Но самый неожиданный ход сделала София. Вопреки прямому запрету матери, она дала эксклюзивное интервью Маркосу Ортеге. Оно вышло в его новом расследовании.

Она сидела в кресле в семейной библиотеке, на фоне портретов своих предков, и говорила спокойно и искренне: – Мы не идеальны. Мы совершали ошибки. Много ошибок. Но мы – не реликты. Мы – часть живой истории Европы. И мы пытаемся адаптироваться к новому миру, не растеряв того, что считаем ценным. – Она посмотрела прямо в камеру. – Разве стремление сохранить свою идентичность, свои корни, пока весь мир стремительно становится одним большим универмагом, – преступление? Мы не хотим властвовать. Мы хотим напоминать.

Это интервью стало громом среди ясного неба. Оно не оправдывало их, оно очеловечивало. Оно вызвало волну обсуждений. Кто-то кричал о лицемерии, но многие вдруг увидели в них не монстров, а таких же людей, пытающихся найти своё место в меняющемся мире.

Контратака была запущена по всем фронтам: юридическому, медийному, имиджевому. Они били тем же оружием, что и их противник, но с той разницей, что их клинки были отточены веками практики. Они не просто атаковали. Они вели свою собственную войну за нарратив. И впервые за долгое время казалось, что чаша весов начала колебаться.

ГЛАВА 17: ПЕРЕМИРИЕ С ПРИВКУСоМ СТАЛИ

Замок Шат-д'Э, Швейцария. Нейтральная территория.

Замок, выбранный для встречи, был образцом швейцарского нейтралитета: ничья земля, ничья история, ничья память. Его стены, отполированные до блеска, хранили молчание о всех сделках, что когда-либо заключались под его сенью. В библиотеке с дубовыми панелями и высокими окнами, выходящими на безмятежное альпийское озеро, встретились два мира.

Леопольд фон Габсбург стоял у камина, его тёмный костюм сливался с тенями. Майлз Харрингтон, в своём привычном худи и кроссовках, казался пришельцем из другого измерения. Они не пожимали руки.

– Вы атаковали нас, – начал Леопольд без предисловий. Его голос был ровным, без эмоций. – Целенаправленно и жестоко. Зачем? Что мы сделали вашему новому миру?

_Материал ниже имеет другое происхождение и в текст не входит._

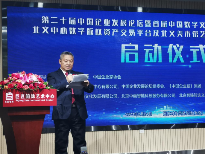 2023年2月24日,第二十屆中國(guó)企業(yè)發(fā)展論壇暨首屆中國(guó)數(shù)字文化產(chǎn)業(yè)投資高峰論壇啟動(dòng)儀式在國(guó)家對(duì)外文化貿(mào)易基地(北京)舉行。與此同時(shí),北文美術(shù)館藝術(shù)品交易服務(wù)平臺(tái)、北文中心數(shù)字版權(quán)資產(chǎn)發(fā)行平臺(tái)啟動(dòng)儀式也如期舉辦。

Майлз усмехнулся, оглядывая комнату с видом туриста в музее. – Вы – символы старого мира, – ответил он, пожимая плечами. – Живые памятники. А я строю новый. В нём нет места для пыльных реликвий. Вы мешаете прогрессу просто своим существованием. Ваша уверенность в собственном превосходстве. Это… меня просто раздражает.

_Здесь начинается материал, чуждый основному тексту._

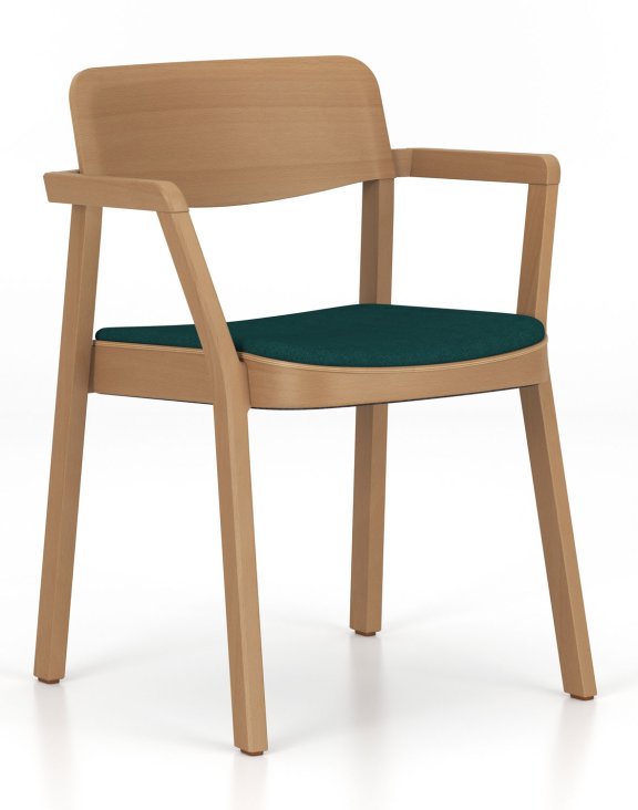 Krzesło Embla wyposażone zostało w tapicerowaną nakładkę na siedzisko.

Леопольд медленно повернулся. В его глазах не было гнева, лишь холодное любопытство учёного, рассматривающего редкий экземпляр. – Мир не бывает совсем новым, молодой человек, – произнёс он. – Он наслаивается, как геологические пласты. Ваши алгоритмы, ваши биткоины, ваши… – он слегка поморщился, – …стартапы. Они все используют то, что было открыто давно. Даже математика, на которой работает ваше искусственное мышление, была открыта арабами тысячу лет назад. Вы не строите новый мир. Вы просто достраиваете этаж к старому зданию. И плохо знакомы с его фундаментом.

Майлз замер. Эта мысль, простая и очевидная, казалось, впервые посетила его. Он привыл думать категориями разрывов и революций, а не преемственности.

Молчание затянулось. Его нарушили только треск поленьев и тихий ход старинных часов на каминной полке.

В итоге они заключили перемирие. Краткое, деловое, без лишних слов.

Условия были просты:

«Некст-Эра» прекращает все атаки на активы и репутацию аристократов. Отзывает иски, останавливает слив информации, убирает ботов.

Аристократы дают «Некст-Эра» доступ к своим брендам для создания совместных проектов. Ограниченный, контролируемый доступ. Коллекции одежды «вдохновлённые историей», цифровые платформы для изучения культурного наследия, даже возможность использовать их замки для съёмок рекламы – но с правом полного veto.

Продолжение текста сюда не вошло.